Pienso muchas veces en la cantidad de decisiones que tomamos a diario para resolver pequeños problemas que surgen en la cotidianeidad.
Esas decisiones están condicionadas por nuestra forma de ser, y por nuestra cultura. Por resumir muy burdamente, en cultura, aunque sea un anatema, incluyo todos los factores exógenos a un individuo.
Personajes auténticamente rompedores con el ideario impuesto hay muy pocos. Casi todo lo que hacemos está imbuido de la influencia social del entorno donde nos movemos, de ahí que seamos, en la mayoría de los casos tremendamente gregarios.
En épocas anteriores las sociedades tenían otras preocupaciones. Cubrir las necesidades básicas le llevaba a un individuo prácticamente todo el día. Con el aumento del tiempo disponible, el individuo se ha infantilizado. Tiene tiempo disponible para ocuparse de detalles irrelevantes para un individuo cuya preocupación es simplemente su propia supervivencia.
Hay demasiadas personas emocionalmente inmaduras e inestables. El conseguir las cosas con gran facilidad lleva a que se demande mayor consumo y esta retroalimentación engancha al indiviuo en una espiral cuasi ludopática. Tiene un problema, que el peso de la razón, en la toma de decisiones importantes, es cada vez menor.
Puede que las decisiones se tomen con el corazón, pero cuando una persona racional, madura, sensata y curtida, hace un análisis de esa decisión a posteriori y comprueba que es errónea lo más probable es que trate de resolver, por retracto o por modificación, la decisión tomada.
En cuanto a la cuestión
¿Qué hay más allá de nosotros? ¿Para qué sirve un piso o el dinero si eliminamos a la variable humana? ¿Tienen valor sólo en sí mismos? Me gustaría saber vuestra opinión.
¿Para qué sirve un piso? Pues yo diría, que depende del país. En España, el piso es mucho más que una solución habitacional. Es un símbolo de triunfo, de estatus, de estar en la onda social, de epatar al vecino, o al amigo y los que viven de esto lo saben. Tanto es así que España entera es ladrillo-dependiente desde un punto de vista económico.

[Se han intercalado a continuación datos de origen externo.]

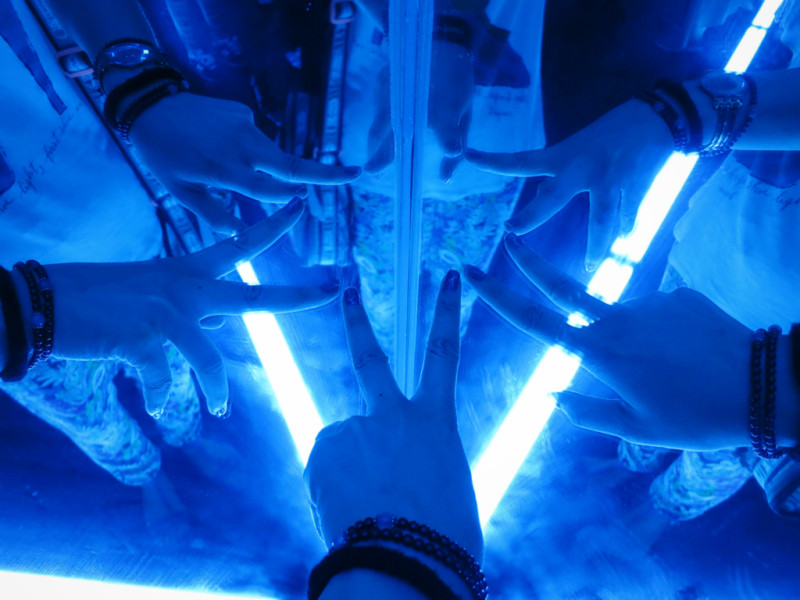 表演开场前,观众席前的摄像头会在现场搜索带着小朋友的家庭和情侣,映在大屏幕上,做成大头贴的样子,可以拍照。
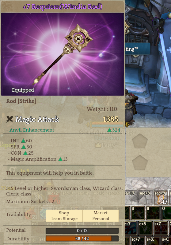 Maybe it’s more than just coincidence that a requiem is a type of song associated with death and mourning, and I’d now gone through two rods named Requiem with depressing results… so, I went all in on the superstition. I had a fresh name and new determination. I held back the urge to spam those anvils while my funds were still low, settling for a +7 at first and then gradually working my way up again. I did all my enhancing on the channel of my lucky number (5), using anvils bought in fives, and later on awakening attempts done five at a time.
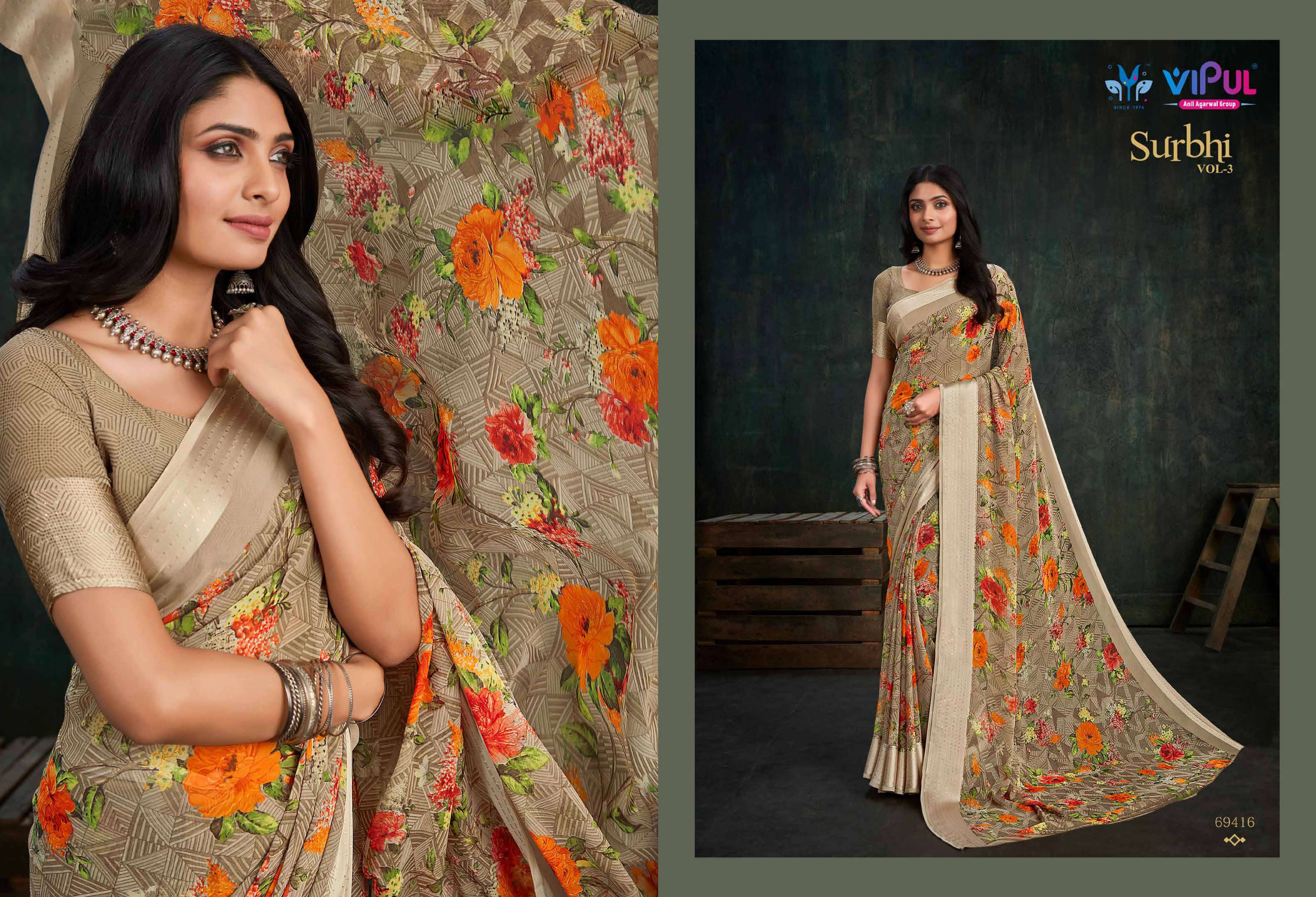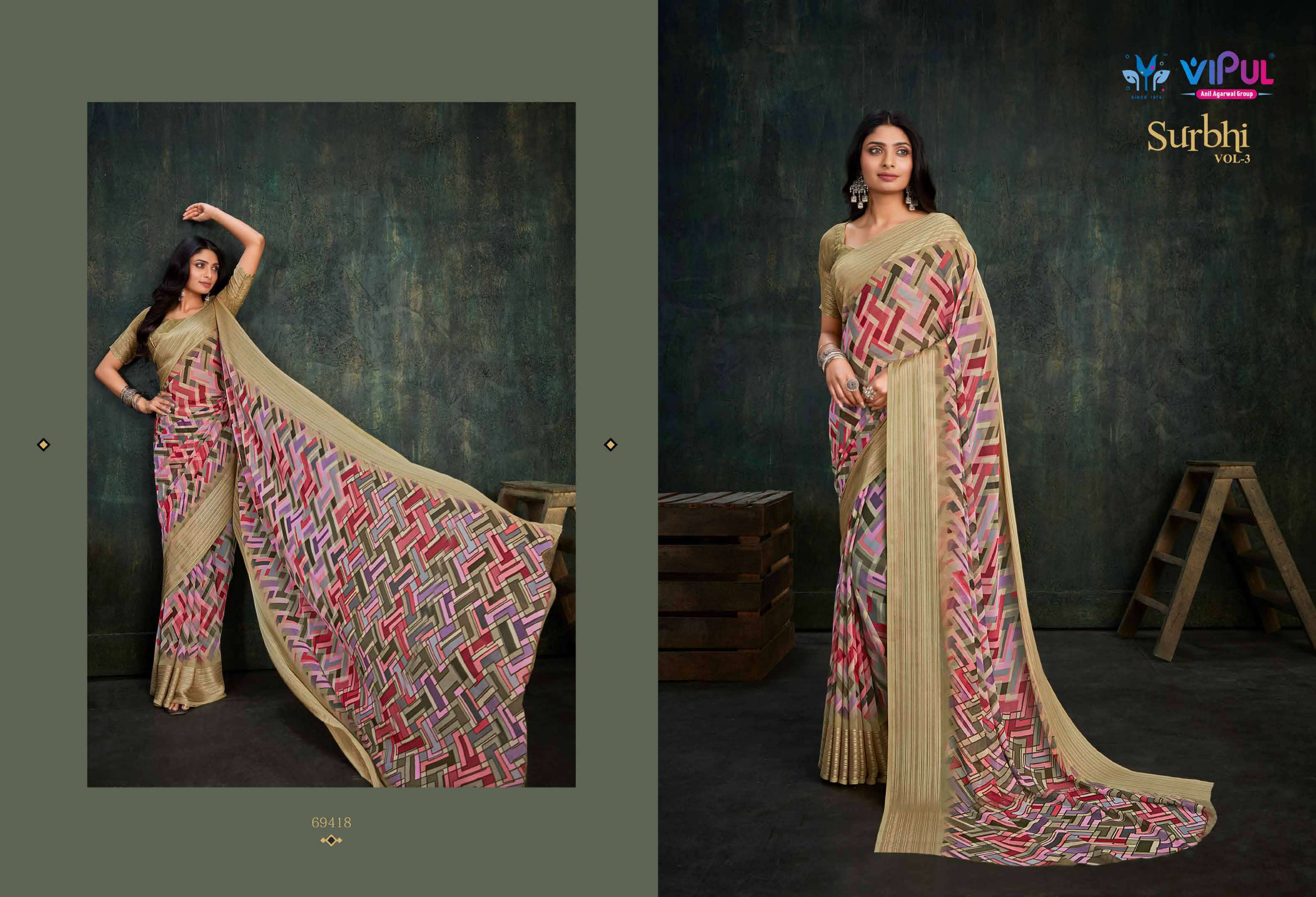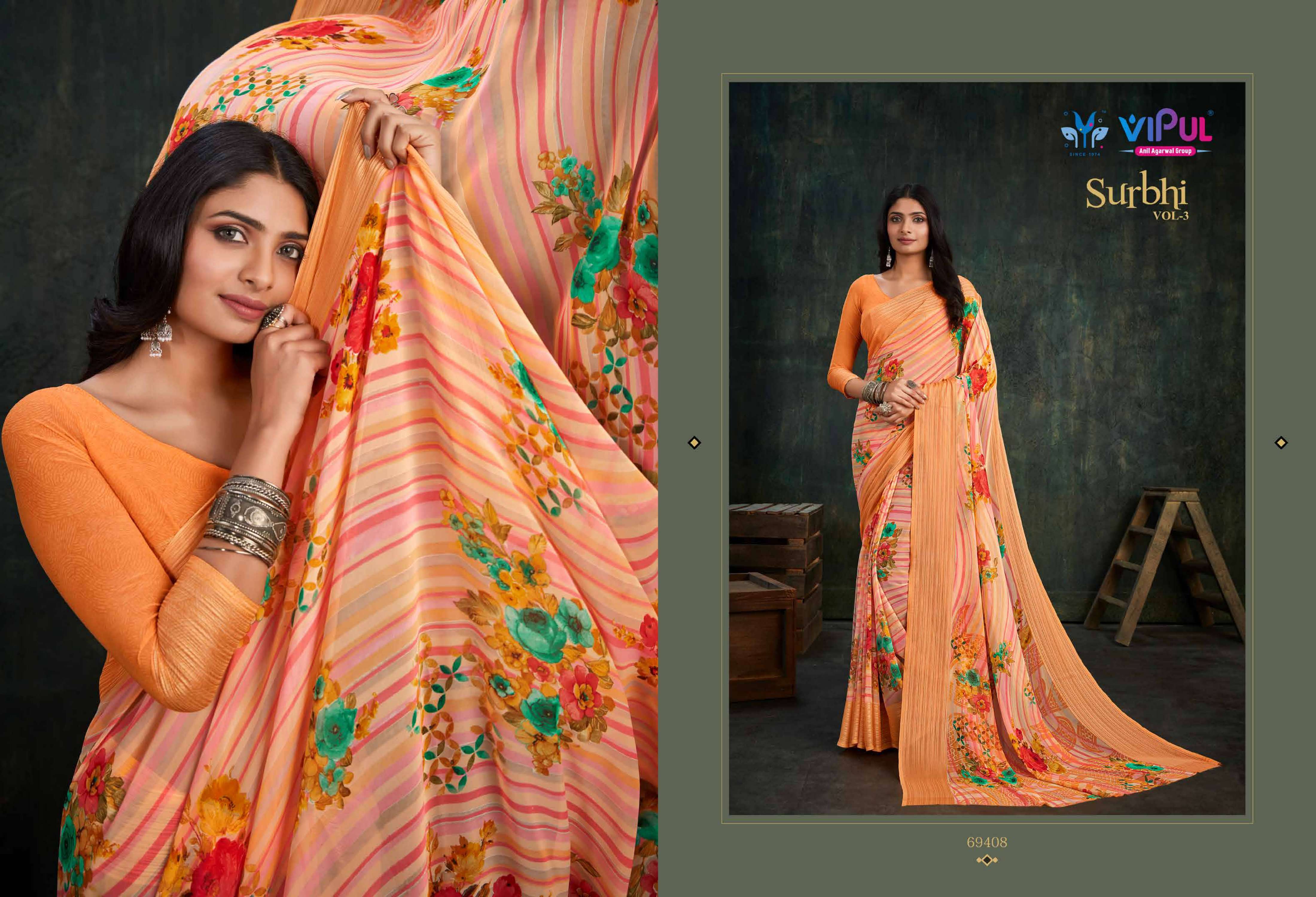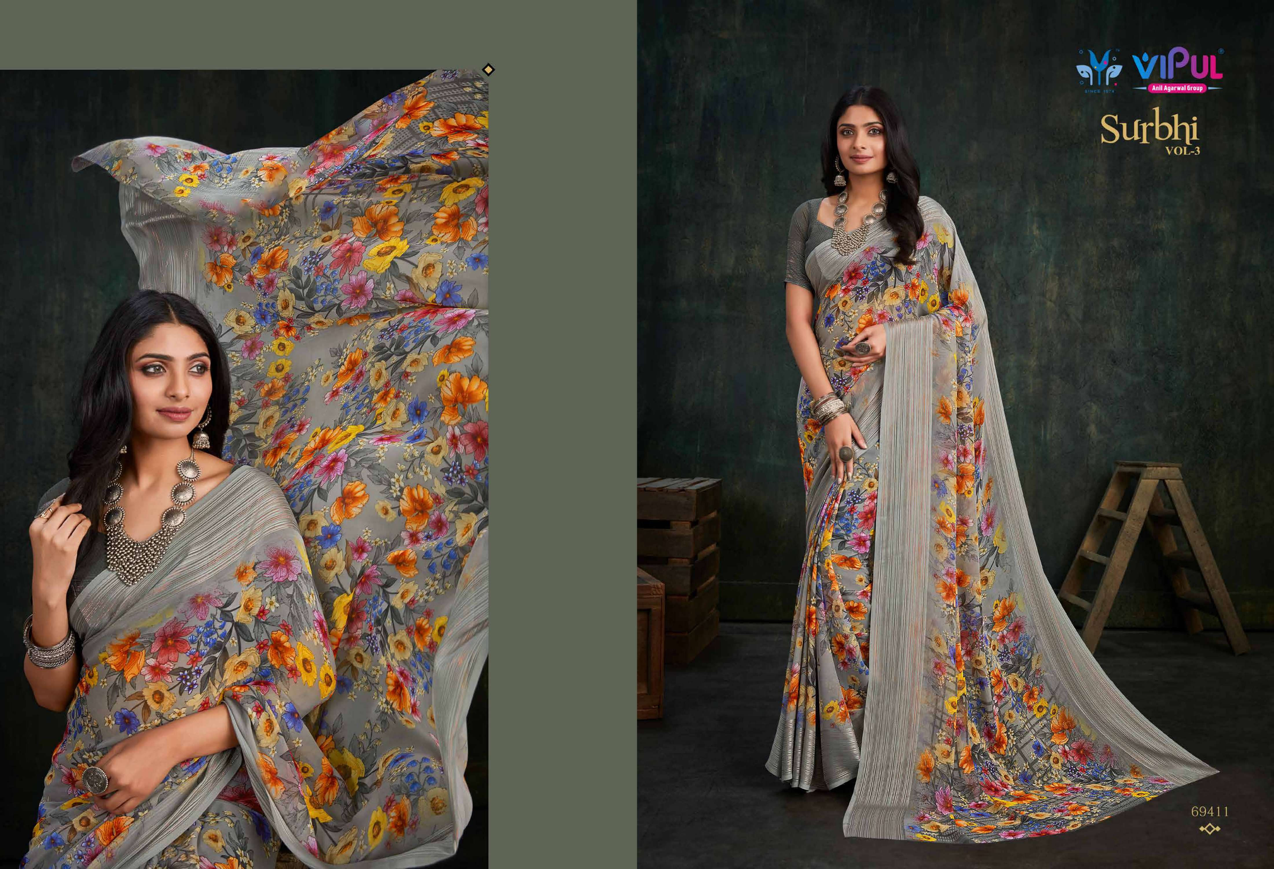 vipul fashion present surbhi vol 3 69408-69419 series adorable weightless sarees wholesaler

Por otro lado está el uso como piso-hucha por parte del inversor más recalcitrante y tradicional. Todo ha sido montado para que el valor en sí mismo de un piso tenga una serie de suplementos adicionales, con respecto a otros países del entorno. Los ayuntamientos, los bancos, los especuladores han contado con la innegable contribución de ese pensamiento español.

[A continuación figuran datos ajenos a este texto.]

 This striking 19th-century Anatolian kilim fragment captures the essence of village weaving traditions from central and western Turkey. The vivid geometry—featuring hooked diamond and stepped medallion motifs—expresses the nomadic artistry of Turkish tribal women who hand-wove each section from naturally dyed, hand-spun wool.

Piense que si no existiera el comprador final, es decir, el que al final carga con el muerto, esta monumental pantomima y/o estafa, en la que los propios estafadores son estafados por otros más hábiles, en la que algo que cuesta hacerlo X se adquiere por 5X con el absoluto convencimiento del adquiriente, no se habría montado semejante embrollo.

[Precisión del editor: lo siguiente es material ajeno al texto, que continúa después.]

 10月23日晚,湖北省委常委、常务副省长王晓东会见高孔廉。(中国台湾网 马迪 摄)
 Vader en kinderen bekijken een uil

El problema, ahora, es que los millones de compradores finales de los últimos 5 años, se niegan a que la cruda realidad les escupa a la cara que les han tomado el pelo. Es duro saberse estafado y muy malo para la autoestima, por eso los estafadores, están desplegando, desde hace meses, una monumental campaña mediática para que los estafados digieran esta píldora envenenada.
Termino, si realmente si eliminanos la variable humana, el dinero o un piso no vale absolutamente para nada.